DJI- NEW YORK, Feb 13 (Reuters) - U.S. stocks drifted in light volume on Wednesday, ending little changed, as investors remained cautious after the S&P 500 index briefly hit its highest intraday level since November 2007.

The S&P 500 was buoyed by General Electric GE.N after cable company Comcast Corp CMCSA.O said it will buy from GE the the part of NBCUniversal it didn't already own for $16.7 billion.
The S&P 500 is up 6.6 percent so far this year, partly due to stronger-than-expected corporate earnings and a better economic outlook. The Dow industrials is about 1 percent away from an all-time intraday high, reached in October 2007.

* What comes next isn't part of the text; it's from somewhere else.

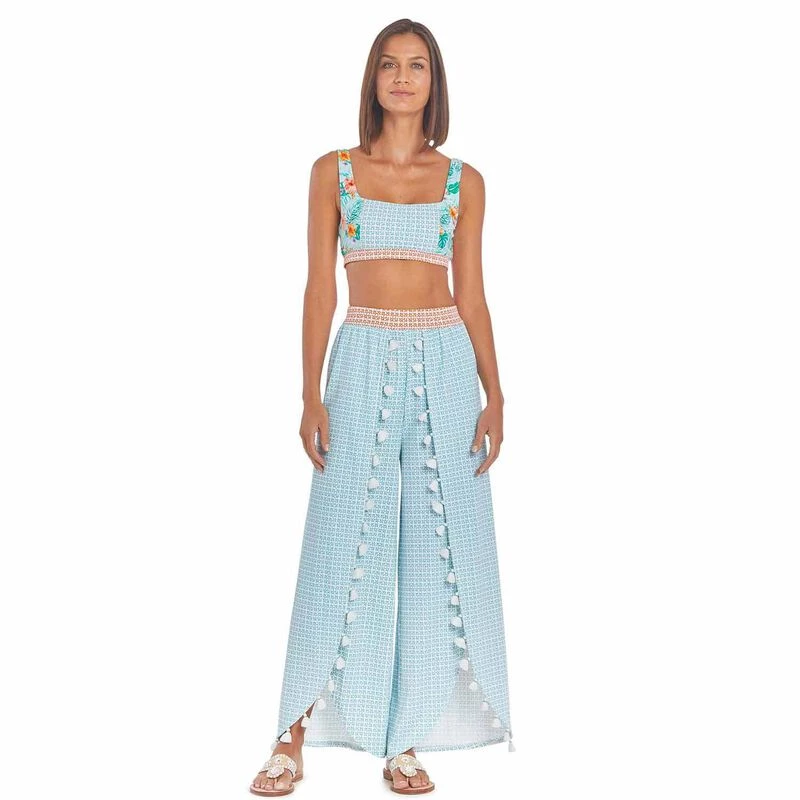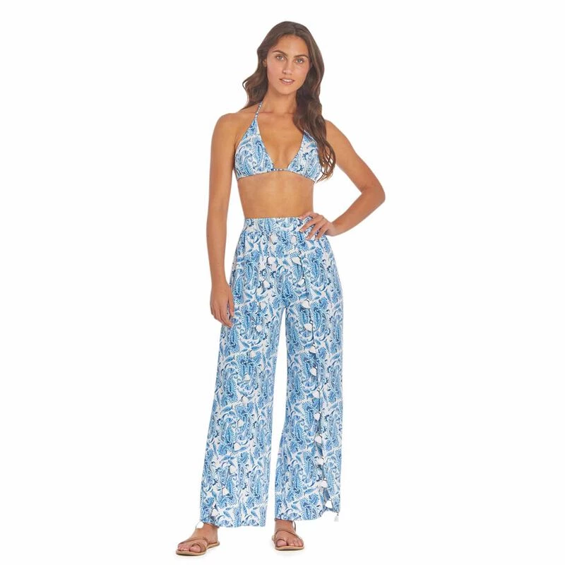 These Palazzo Pants are cut with a loose, wide leg that flares out from the waist for a casual yet elegant look. The side slits at the bottom of the pant legs allow the pants to flatter & move with you in each step. It is the perfect pant for the summer season as they are loose yet flattering in our light Nylon/Spandex fabric. Pair with a Bikini Top for a beach day or a Dolman Rashguard for cooler weather & extra sun protection. Imported.

Volume has been weak in recent days with the S&P moving sideways around 1,520. The index is about 3 percent away from closing at a record high.

A scarcity of sellers after a consistent string of gains is a positive sign and shows the uptrend is intact, King Lip, chief investment officer at Baker Avenue Asset Management in San Francisco, said.

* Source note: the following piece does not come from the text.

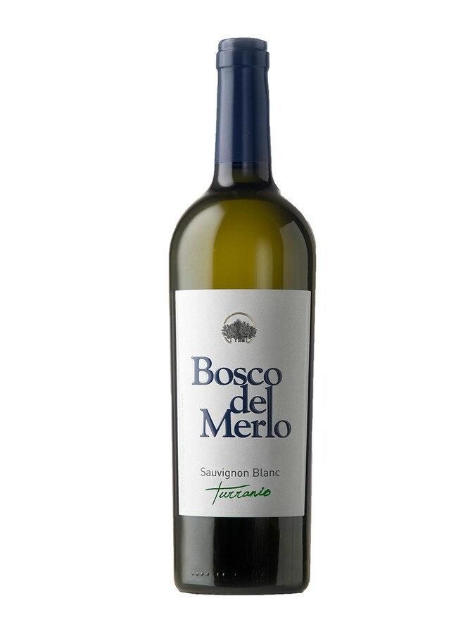 The high quality Sauvignon Blanc Turranio wine produced by Bosco del Merlo. Veneto white wine with a straw yellow color and greenish reflections. Consistent wine with its 13.00% vol. On the nose a scent of melon, peach and pepper leaf; In the mouth dry, decisive flavor and persistence with a slightly bitter aftertaste. Recognizable wine for the refinement and elegance of its notes, good balance, harmonious.

"Last year we had double-digit returns in the first quarter. It's fairly possible we can move higher from here," he said.

The Dow Jones industrial average .DJI fell 35.79 points or 0.26 percent, to 13,982.91, the S&P 500 .SPX gained 0.9 point or 0.06 percent, to 1,520.33 and the Nasdaq Composite .IXIC added 10.38 points or 0.33 percent, to 3,196.88.

The S&P gained 12 percent in the first three months of 2012.
According to the latest Thomson Reuters data, of the 364 companies in the S&P 500 that have reported results, 70.3 percent have exceeded analysts' expectations, above a 62 percent average since 1994 and 65 percent over the past four quarters.

About 5.9 billion shares changed hands on the New York Stock Exchange, the Nasdaq and NYSE MKT, below the daily average in February last year of 6.94 billion.

On the NYSE, roughly seven issues rose for every five that fell and on Nasdaq more than six rose for every five decliners.

NYMEX- NEW YORK, Feb 13 (Reuters) - Brent crude oil prices rose slightly on Wednesday to close near $119 a barrel and remain close to a nine-month high, though gains were capped by a rise in U.S. crude oil inventories and as the International Energy Agency (IEA) trimmed its demand outlook.

The rise in inventories in the world's largest oil consumer weighed on U.S. crude oil prices, which closed lower and just above $97 a barrel, down more than $1 from the day's peak.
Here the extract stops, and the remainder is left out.